Ultimately, despite all of the above, the indifference to setting is exactly what I didn't like about the film. In general, American cinema's retreat into the forest has been a retreat from an ability to make worlds. Filmmakers have instead clung desperately to their characters in the empty frames of Place Beyond The Pines, Ain't Them Bodies Saints, Wendy And Lucy, King Avalanche, et al. Sometimes it's the forest, sometimes the beach, sometimes a farm, sometimes it's the suburbia of Prisoners, it doesn't matter, because no one knows what to do with a shot. Concerns shrink from world to story, to character, to the minutia of an imprisoned kind of realism.  This is a cinema of anxiety, of an inability to collect the world in images, to relate the shape of a human body to broader patterns that traditionally make up visual style. The relationship of universal to particular is off kilter: a movie about black slaves could be about Mexican migrant workers - isolated in the universal - but every actor is alone in his pleasant but arbitrary frame - isolated in the particular.

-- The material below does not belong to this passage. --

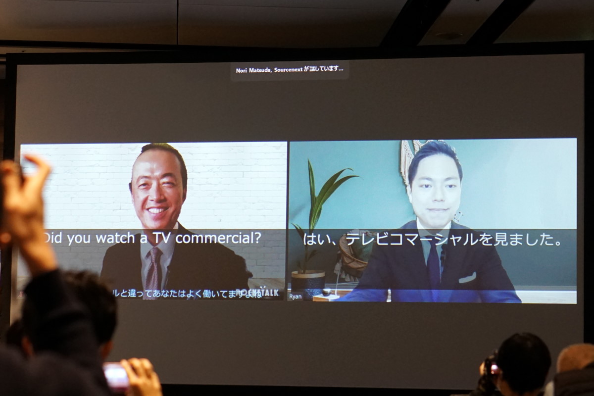 会場ではタッチ&トライのスペースが設けられ、「ポケトーク字幕」を実際に体験することができました。翻訳の精度はかなり高く、しかも高速。日本語以外の言語を話す人とのコミュニケーションも、違和感なく行えました。翻訳文章の表示位置は「画面上部」「画面下部」「全画面」と変更できるので、まさに字幕のように表示させることもできます。

These filmmakers are not Malick's, their cinematographers are not Vilmos Zsigmond's. Their concern with natural landscapes mark a shift rather than a return in American cinema. Malick translated Heidegger and taught philosophy at MIT, if he wanted to film an Andrew Wyeth painting at magic hour with Camille Saint-Saens's "The Aquarium" playing on repeat for 90 minutes, he likely had a reason. If he set Days of Heaven during The Depression, he also had a reason. The two reasons are also likely connected. They might even be the reasons to make a movie in the first place.

For filmmakers like Eska however, the American landscape is a default position. They're not sure what else to put in their frames other than their actors, so they make a half-hearted attempt to celebrate a landscape that, as Her illustrates, was long ago homesteaded by the pharmaceutical commercials, was reified and refried with After Effects and mumbled caveats on the likelihood of death, stroke, or paralysis for taking broken sex life medication. Someday we may have an American filmmaker who can save the forest, and if it's Eska, it wasn't with this film. The shame is that it could have been.